Si on extrapole les résultats du NLST à tous les États-Unis, 18 000 décès par CP pourraient être évités chaque année. Ces données ont suffi aux diverses sociétés américaines et canadiennes à recommander ce dépistage. « Pour les experts français, explique Bernard Milleron (hôpital Tenon, Paris), il parait possible d’effectuer un dépistage des personnes répondant aux mêmes critères que ceux du NLST, associé à un engagement dans une démarche de sevrage tabagique et une information précise sur la balance bénéfice/risque ».
Ce dépistage suscite, en effet, un certain nombre de questions sur son coût, le risque lié à l’irradiation, l’impact sur le sevrage tabagique – un dépistage négatif peut faussement rassurer le fumeur sur son avenir – et le danger de sur-diagnostic et son cortège d’explorations inutiles voire invasives.
Le premier enjeu est d’établir des règles strictes pour la conduite à tenir devant la découverte d’un nodule. La stratégie adoptée dans le programme hollandais NELSON, basée sur la taille des nodules et leur temps de doublement réduit notablement le nombre de faux positifs et de gestes invasifs. L’autre challenge est d’affiner le profil de risque des patients pour améliorer l’intérêt du screening en tenant compte, par exemple, des antécédents familiaux de CP, des antécédents personnels d’infection pulmonaire, de BPCO, d’autres cancers, ou d'exposition à des carcinogènes, peut-être associé à l’avenir à un dosage des biomarqueurs.
Cartographie moléculaire
L’utilisation de biomarqueurs guidant le traitement est aussi très prometteuse. D’ores et déjà en France, la caractérisation des CBNPC a totalement changé avec la cartographie moléculaire : on est passé d’une distinction entre adénocarcinomes, épidermoïdes et autres à une classification en fonction des mutations tumorales. « Il s’agit d’un outil unique au monde mis en place grâce au soutien de l’INCa : 28 plateformes régionales françaises de biologie moléculaire centralisent depuis 2010 tous les prélèvements et recherchent en routine 7 anomalies moléculaires », se félicite le Pr Fabrice Barlesi (Marseille). On a pu ainsi dénombrer les anomalies portant sur EGFr activatrice (9,5% des cas) ou inhibitrice (0,8%) HER2 (0,9%), KRAS (27%) BRAF (1,7%) PI3KCA (2,6%) et ALK 3,7%.

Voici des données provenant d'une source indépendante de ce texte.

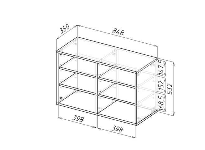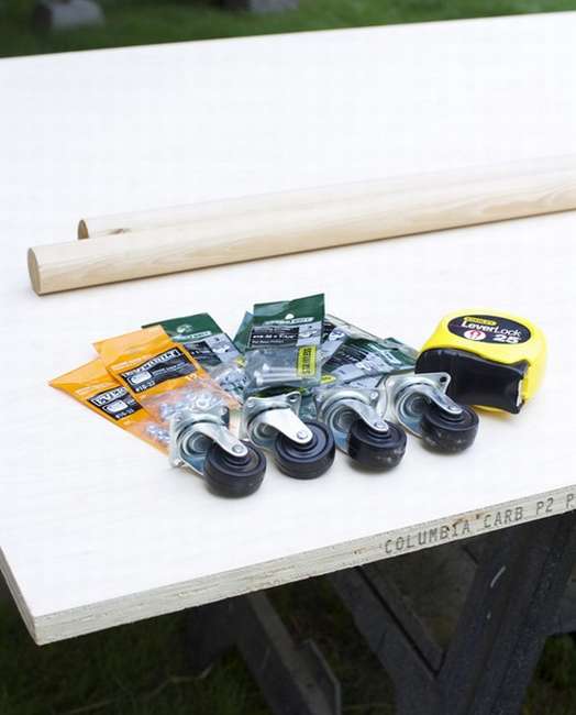 Изработен е от ПДЧ и плоскости с дебелина 1,6-1,8 см, могат да се използват листове от шперплат, палети. Освен това се закупуват кръгли калибрирани свързващи пръти. Дължината и ширината на дъските, броят на рафтовете се избират въз основа на размера на коридора.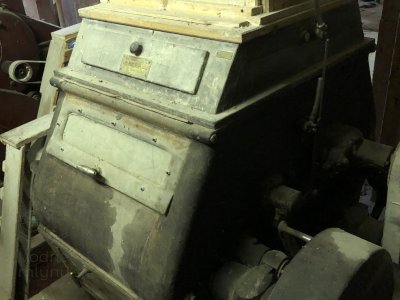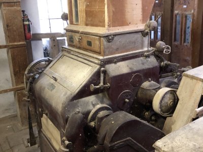 Dvojitá valcová stolica od firmy Mahaň Pardubice s jedným párom hladkých valcov, 2023, © Wagner, (Prvky na obrázku: Valcová stolica, zásobník, násypka)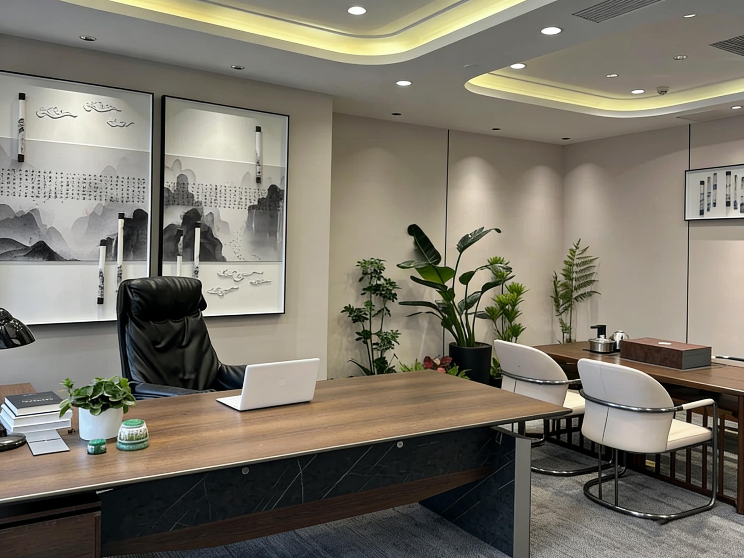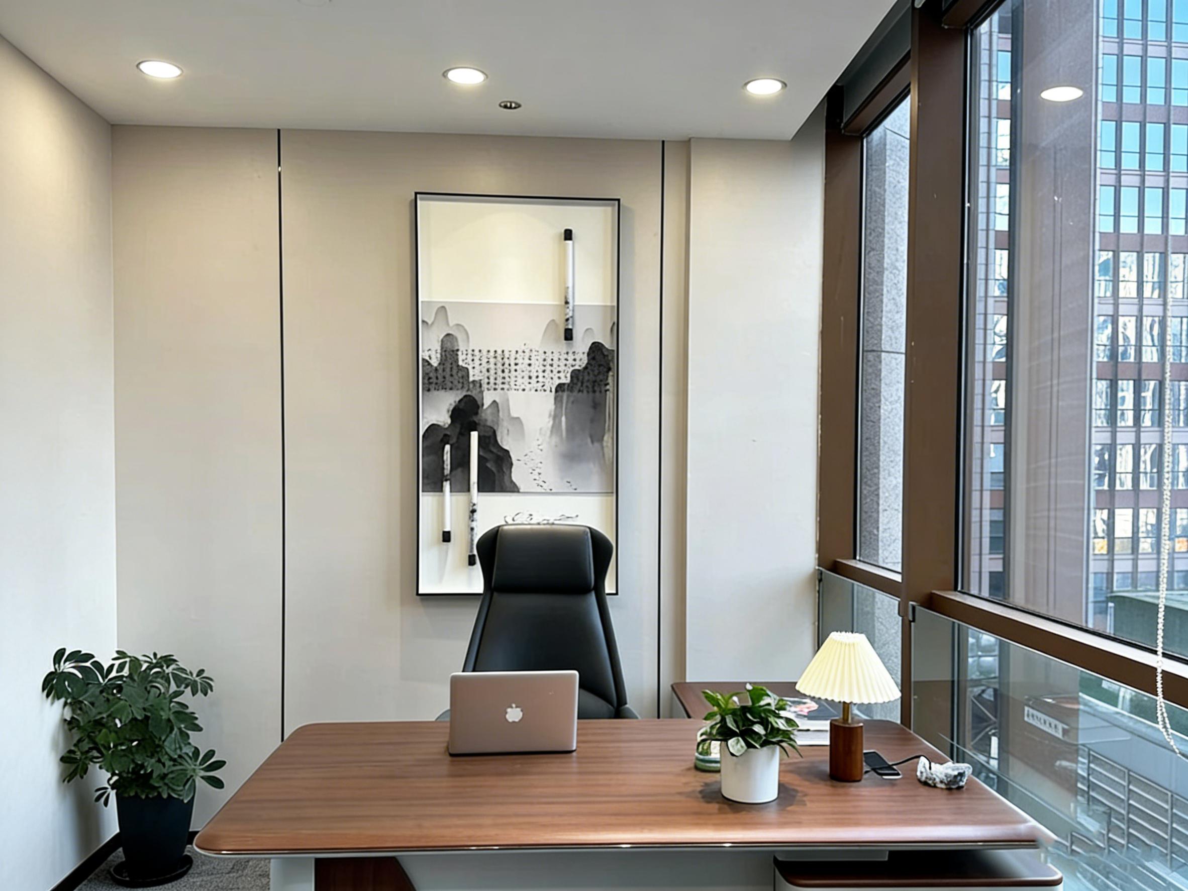 独立经理室则延续了整体简约风格,同时融入中式山水挂画与绿植点缀,在硬朗的城市景观窗外,营造出沉稳雅致的商务氛围。木质办公桌与皮质座椅的搭配,兼顾了舒适感与品质感,既符合高管办公的功能需求,又彰显企业稳重专业的品牌形象。

L’étude Biomarqueurs France, initiée par l'intergroupe Francophone de Cancérologie Thoracique en collaboration avec l’INCa, a été saluée dans les derniers congrès internationaux. Elle met en perspective données cliniques et caractéristiques moléculaires des CP, afin de dégager des lignes conductrices pour les stratégies thérapeutiques. « En 2014, la décision thérapeutique doit être guidée par la recherche de mutations, susceptibles de rendre éligible le patient à des thérapies ciblées qui ont permis de multiplier par deux la réponse au traitement. »

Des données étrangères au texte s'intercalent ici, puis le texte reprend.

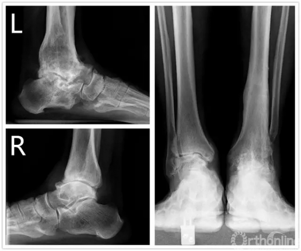 方老伯,今年67岁,2006年7月他因左侧踝关节严重骨关节炎到上海瑞金医院就诊,当时刘津浩副主任考虑其踝关节和距下关节都已经出现严重的骨关节炎,无法保留关节,于是对其进行了胫距跟双关节融合手术。手术后方老伯恢复良好,如期达到骨性融合。2年后,方老伯右侧踝关节开始出现肿胀疼痛,日夜反复发作,直到2010年2月,他无法忍受,再来医院就诊,拍片后发现他右侧踝关节也出现明显骨关节炎。此时正值瑞金医院足踝外科全面发展时期,足踝外科的新理念、新技术已经引入瑞金医院,当时学科带头人徐向阳主任认为该患者左侧踝关节已经行融合手术,右侧不适宜再行融合手术。于是徐主任主刀、刘津浩副主任和朱渊医师担任助手,顺利为方老伯进行了踝关节STAR假体置换术,手术后保持随访康复良好,又恢复了往常的劳作。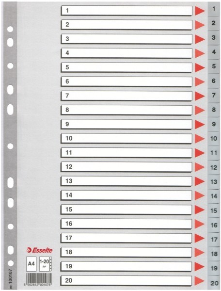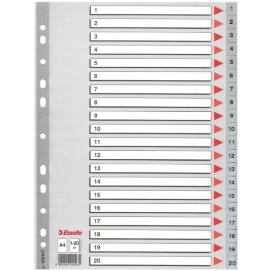 Przekładki plastikowe Esselte PP A4 numeryczne 1 - 20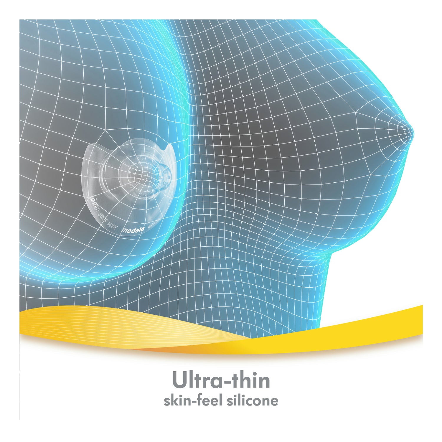 Dzięki ultracienkiemu silikonowemu materiałowi zapewnia miękki i wygodny kontakt dla matki i dziecka, który z łatwością dostosuje się do smoczka, który jest teraz chroniony. Silikon z wkładki Medela jest lekko elastyczny , zapobiegając i poprawiając dopasowanie do konturu piersi matki, a będąc silikonem nie pochłania zapachów ani smaków.

Actuellement, la présence d’une mutation ne débouche pas forcément sur la possibilité d’une thérapie ciblée, et seuls 10 à 20% des patients peuvent en bénéficier – essentiellement ceux présentant une mutation EGFr ou un réarrangement ALK –, mais ce nombre devrait augmenter avec la mise sur le marché de nouvelles molécules. à terme, la recherche de l’ADN tumoral dans le sang pourrait aussi éviter les bio-psies, ce qui faciliterait aussi la surveillance du profil mutationnel sous traitement afin de repérer les résistances et d’adapter le traitement en fonction des altérations moléculaires.
La vaccination anti-tumorale poursuit son ascension
Toujours sur le plan thérapeutique, « l’immunothérapie s’impose comme une voie prometteuse », souligne Olivier Adotevi (Besançon). En particulier avec les anti-CTLA-4 (Cytotoxic T-Lymphocyte Antigen 4), et anti-PD1/PDL1 (Programmed cell death 1/ligand 1), qui amène un taux de réponse important, d’autant plus élevé que l’expression tumorale des CTLA-4 ou anti-PD1/PDL1 est élevée.